[Work item]: Without including any pictures, copy each entry below exactly.

>>>>>

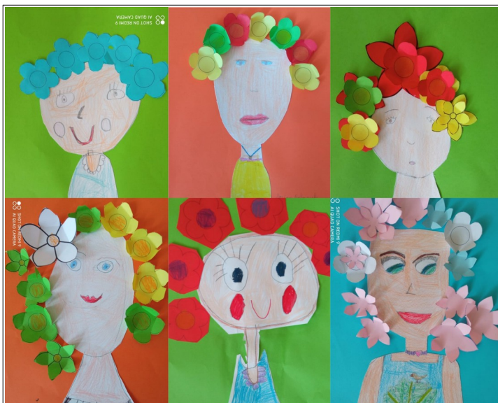
Válogatás a másodikosok munkáiból

Az a kedvenc részem, amikor még nincs megsütve és kóstolhatok a nyers tésztából... ja, és a vége, amikor megehetem. Most leírom az elkészítést is:
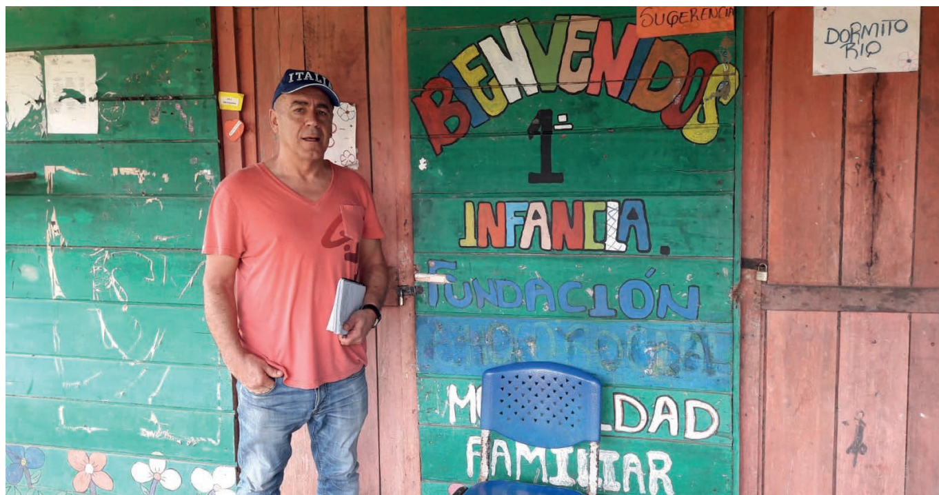
En el Chocó.
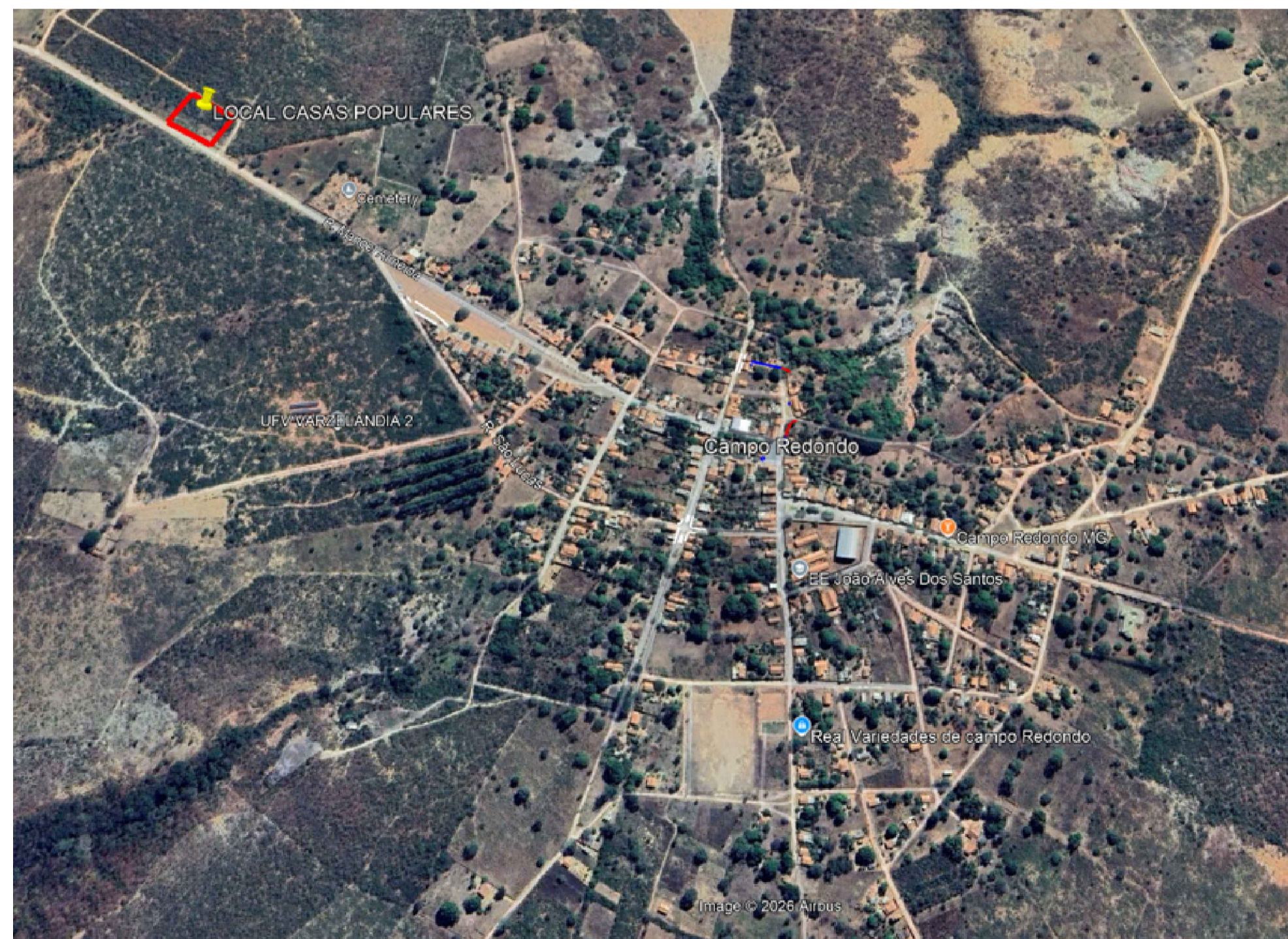
IMAGEM SATÉLITE - LOCALIZAÇÃO SEM ESCALA
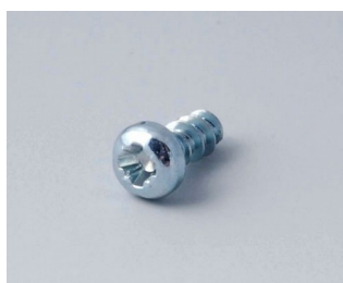
A0305031 Vis autotaraudeuses 2,5 x 6 mm (PZ1)
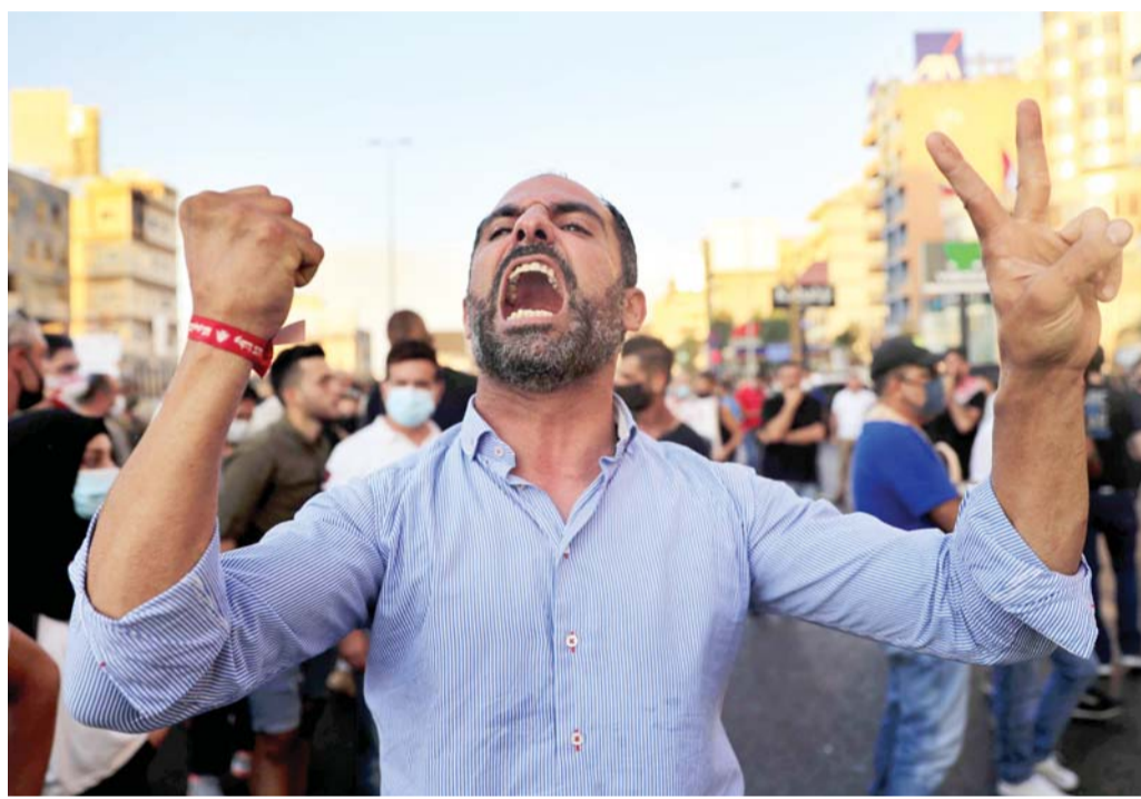
الشارع اللبناني يتعدو الأحزاب

حزب الله وحركة أمل أقاما متاريس ويصعب عليهما التراجع عنها

<<<<<

[Response below]:
Válogatás a másodikosok munkáiból

Az a kedvenc részem, amikor még nincs megsütve és kóstolhatok a nyers tésztából... ja, és a vége, amikor megehetem. Most leírom az elkészítést is:
En el Chocó.
IMAGEM SATÉLITE - LOCALIZAÇÃO SEM ESCALA
A0305031 Vis autotaraudeuses 2,5 x 6 mm (PZ1)
الشارع اللبناني يتعدو الأحزاب

حزب الله وحركة أمل أقاما متاريس ويصعب عليهما التراجع عنها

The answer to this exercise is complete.